PROMPT —
Please give the lines below again exactly as they stand, from the one that contains "廣西工程職業(yè)學(xu" up to and including the one that contains "Isabella Oliver Evening", leaving all pictures out.
+++ SUPPLIED RECORDS
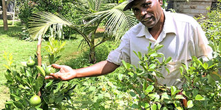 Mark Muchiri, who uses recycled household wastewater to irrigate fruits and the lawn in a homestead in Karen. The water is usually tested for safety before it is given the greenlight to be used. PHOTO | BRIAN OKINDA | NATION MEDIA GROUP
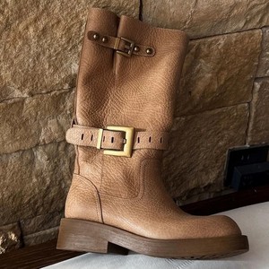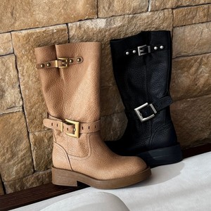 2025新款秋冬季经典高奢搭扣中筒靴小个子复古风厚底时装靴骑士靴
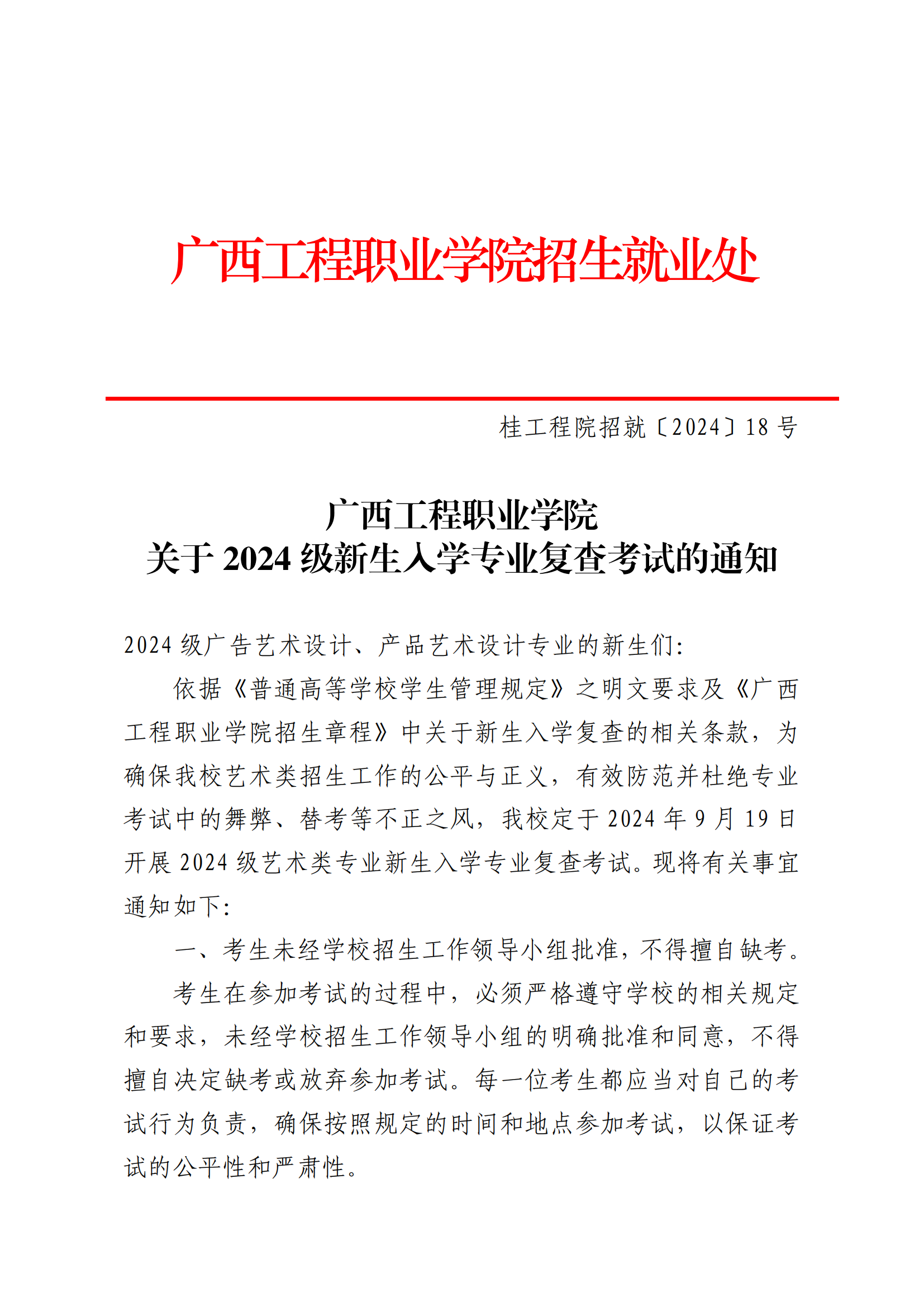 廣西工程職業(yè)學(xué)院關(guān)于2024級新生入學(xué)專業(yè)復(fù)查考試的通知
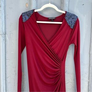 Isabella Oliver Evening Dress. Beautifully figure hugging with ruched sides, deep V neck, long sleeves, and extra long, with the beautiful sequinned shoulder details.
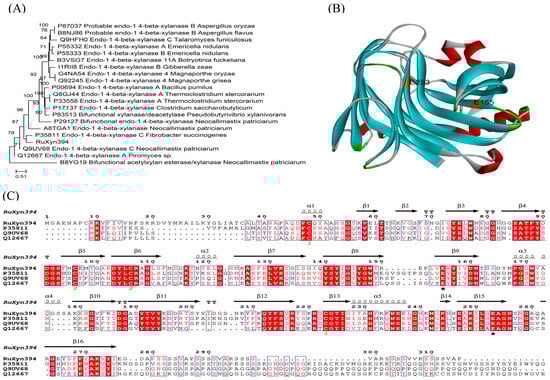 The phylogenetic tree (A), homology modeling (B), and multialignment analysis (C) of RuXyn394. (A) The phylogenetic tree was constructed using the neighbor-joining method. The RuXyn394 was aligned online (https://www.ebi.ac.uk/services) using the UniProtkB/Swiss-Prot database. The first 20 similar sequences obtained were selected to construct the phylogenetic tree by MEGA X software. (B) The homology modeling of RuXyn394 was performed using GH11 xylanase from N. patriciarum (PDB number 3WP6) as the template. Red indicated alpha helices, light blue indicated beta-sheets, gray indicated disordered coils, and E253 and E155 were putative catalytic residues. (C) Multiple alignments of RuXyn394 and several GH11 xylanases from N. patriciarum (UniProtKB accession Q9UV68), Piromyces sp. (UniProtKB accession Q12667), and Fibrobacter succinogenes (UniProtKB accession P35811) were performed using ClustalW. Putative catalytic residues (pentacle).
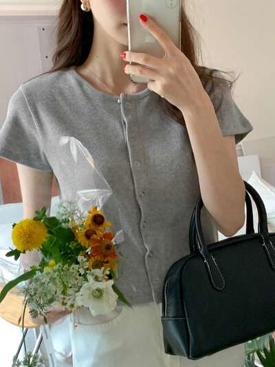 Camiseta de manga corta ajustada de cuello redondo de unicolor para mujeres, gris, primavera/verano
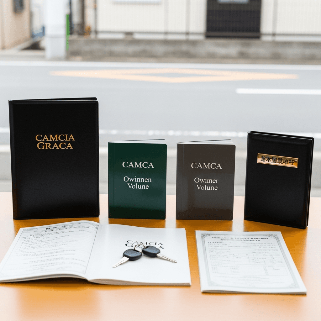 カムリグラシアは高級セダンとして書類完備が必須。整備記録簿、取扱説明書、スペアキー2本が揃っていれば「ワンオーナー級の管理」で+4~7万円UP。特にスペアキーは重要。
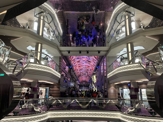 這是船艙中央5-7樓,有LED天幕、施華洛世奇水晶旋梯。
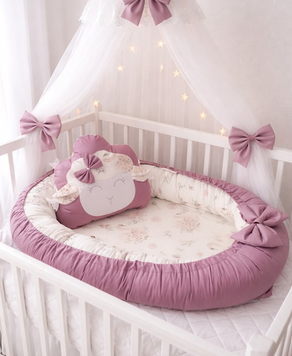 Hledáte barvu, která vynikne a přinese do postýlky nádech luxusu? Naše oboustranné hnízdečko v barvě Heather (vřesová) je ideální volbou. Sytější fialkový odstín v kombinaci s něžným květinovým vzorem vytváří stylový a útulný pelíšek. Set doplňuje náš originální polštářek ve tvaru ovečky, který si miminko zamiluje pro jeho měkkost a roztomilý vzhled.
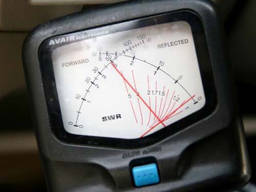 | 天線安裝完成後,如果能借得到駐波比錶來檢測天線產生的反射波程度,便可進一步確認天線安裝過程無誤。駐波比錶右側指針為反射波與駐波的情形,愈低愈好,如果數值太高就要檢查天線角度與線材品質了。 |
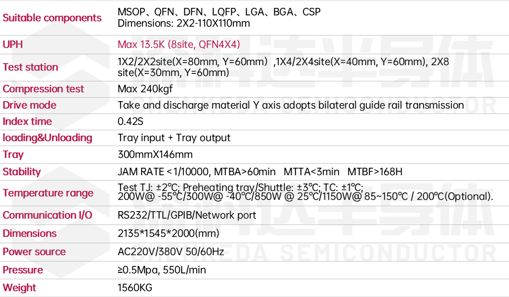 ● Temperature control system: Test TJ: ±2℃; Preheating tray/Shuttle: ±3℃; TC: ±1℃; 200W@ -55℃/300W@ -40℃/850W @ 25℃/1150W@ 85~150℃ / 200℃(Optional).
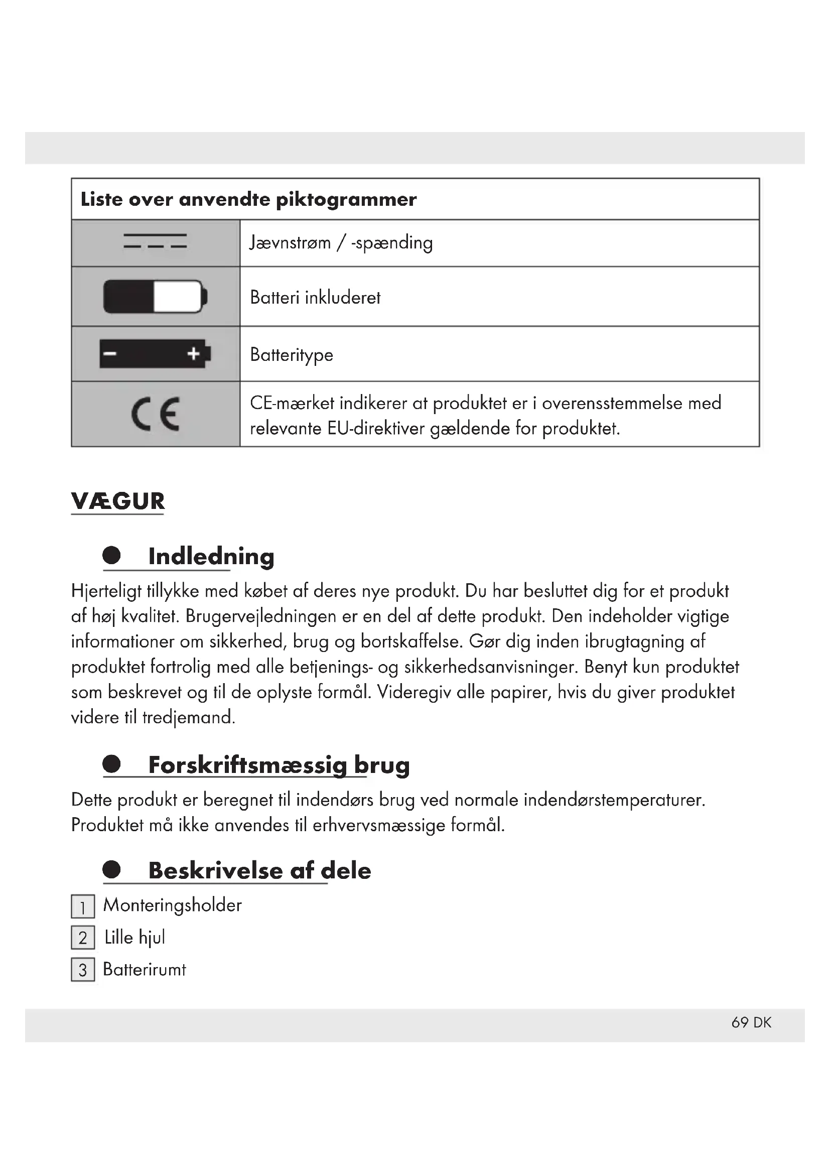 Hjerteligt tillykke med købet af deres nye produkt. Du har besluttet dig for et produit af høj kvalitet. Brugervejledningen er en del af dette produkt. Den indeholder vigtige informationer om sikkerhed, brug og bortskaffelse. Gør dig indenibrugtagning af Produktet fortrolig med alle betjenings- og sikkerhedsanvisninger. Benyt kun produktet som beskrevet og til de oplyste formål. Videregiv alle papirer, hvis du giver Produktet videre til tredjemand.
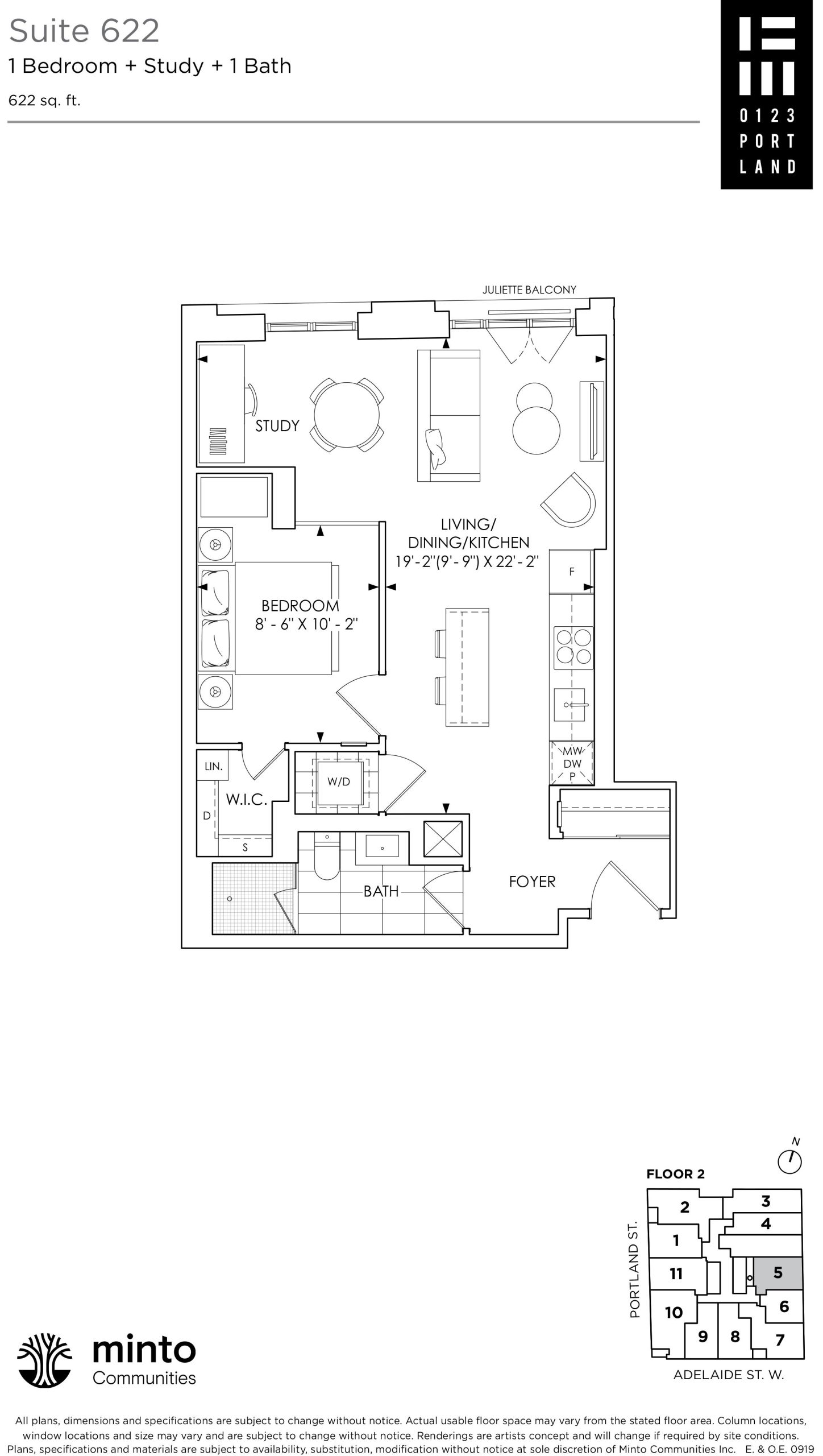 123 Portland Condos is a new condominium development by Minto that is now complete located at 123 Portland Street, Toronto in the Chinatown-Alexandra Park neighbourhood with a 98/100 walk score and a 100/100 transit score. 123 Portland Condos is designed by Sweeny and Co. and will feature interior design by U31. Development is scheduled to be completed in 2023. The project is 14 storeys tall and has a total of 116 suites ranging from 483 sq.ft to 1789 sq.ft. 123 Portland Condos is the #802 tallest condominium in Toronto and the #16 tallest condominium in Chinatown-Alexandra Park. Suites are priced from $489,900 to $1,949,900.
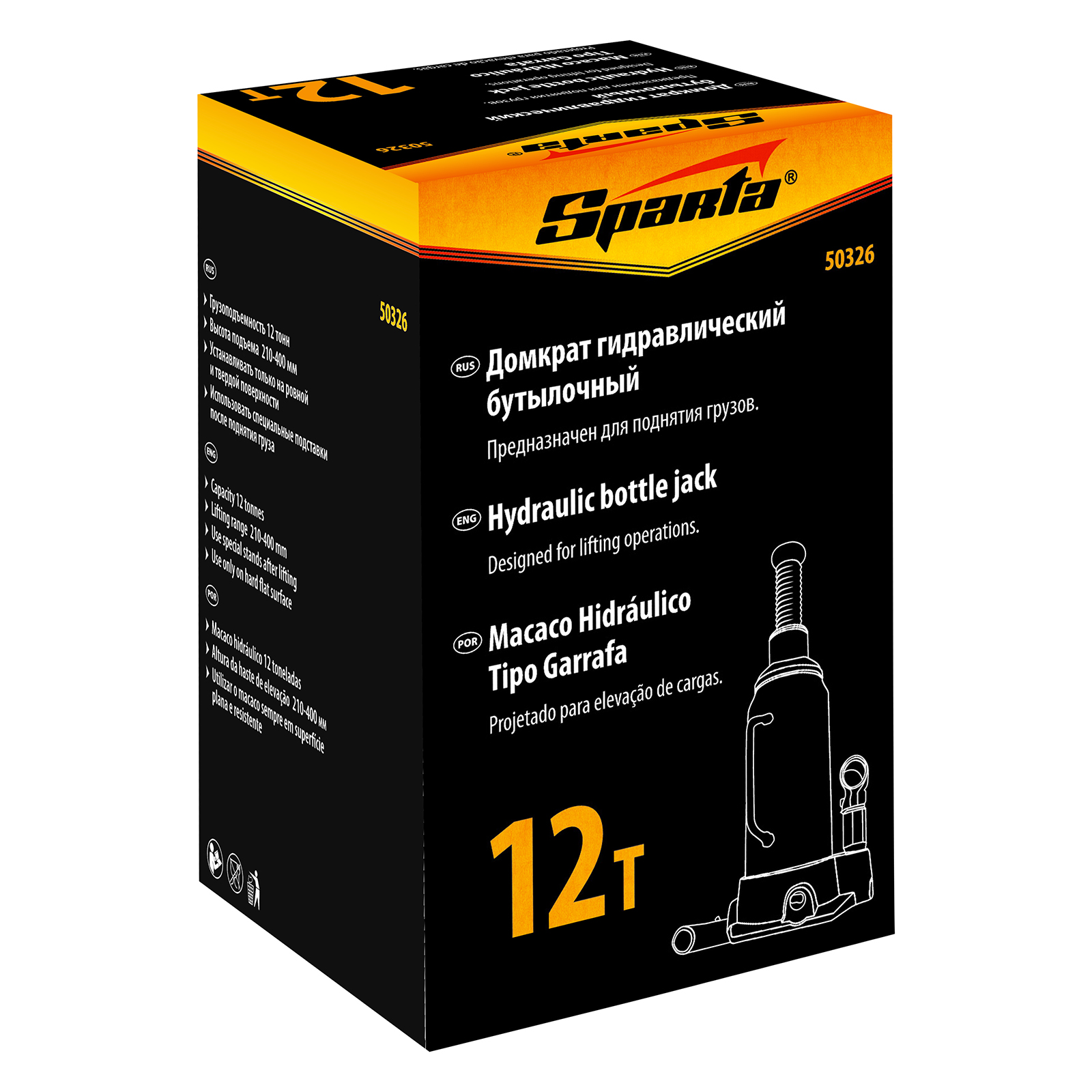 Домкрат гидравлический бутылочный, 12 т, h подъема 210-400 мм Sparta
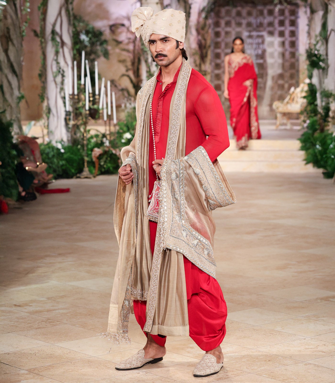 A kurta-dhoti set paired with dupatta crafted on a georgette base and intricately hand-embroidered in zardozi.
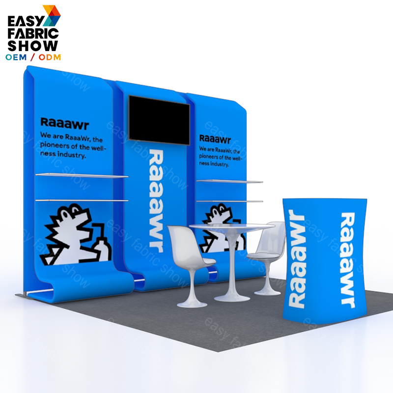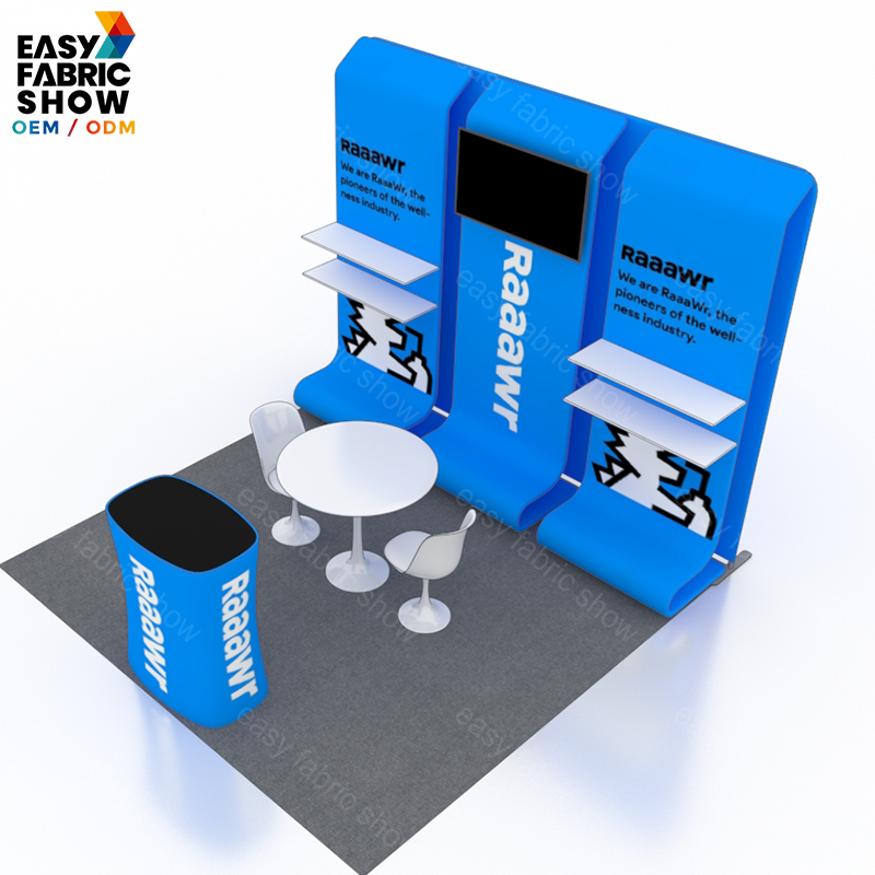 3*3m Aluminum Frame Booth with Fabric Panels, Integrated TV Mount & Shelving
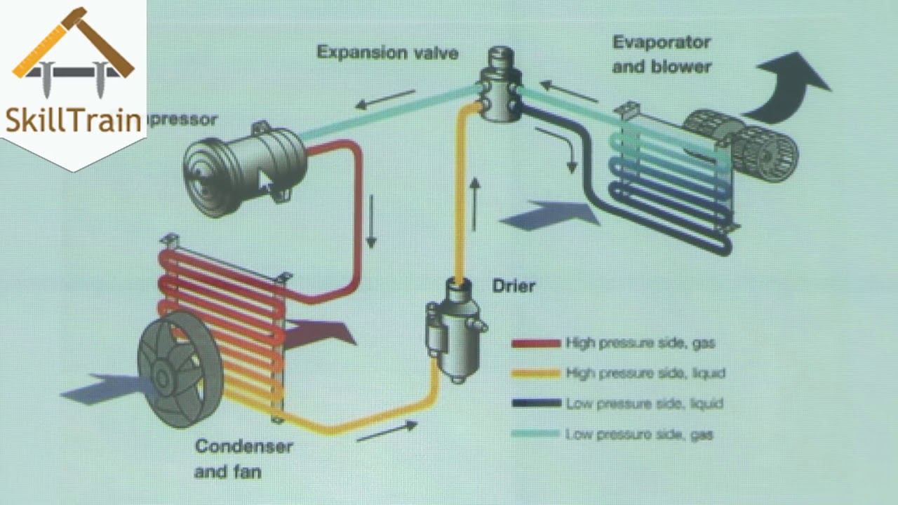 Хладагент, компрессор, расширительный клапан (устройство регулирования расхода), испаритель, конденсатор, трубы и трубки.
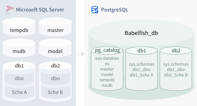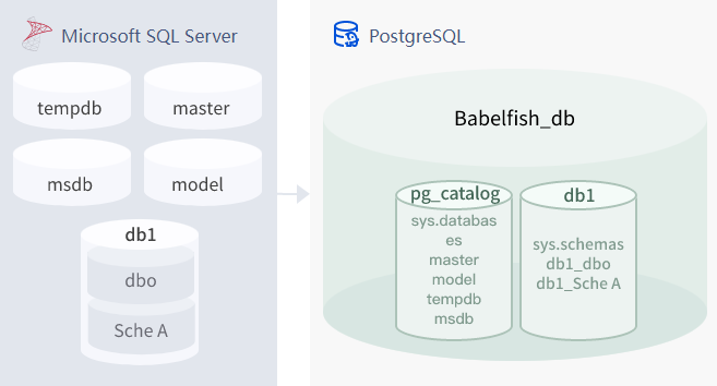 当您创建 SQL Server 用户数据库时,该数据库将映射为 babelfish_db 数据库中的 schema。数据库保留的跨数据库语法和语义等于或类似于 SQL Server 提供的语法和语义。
++++++
SOLUTION TO THIS EXERCISE —
 廣西工程職業(yè)學(xué)院關(guān)于2024級新生入學(xué)專業(yè)復(fù)查考試的通知
 Isabella Oliver Evening Dress. Beautifully figure hugging with ruched sides, deep V neck, long sleeves, and extra long, with the beautiful sequinned shoulder details.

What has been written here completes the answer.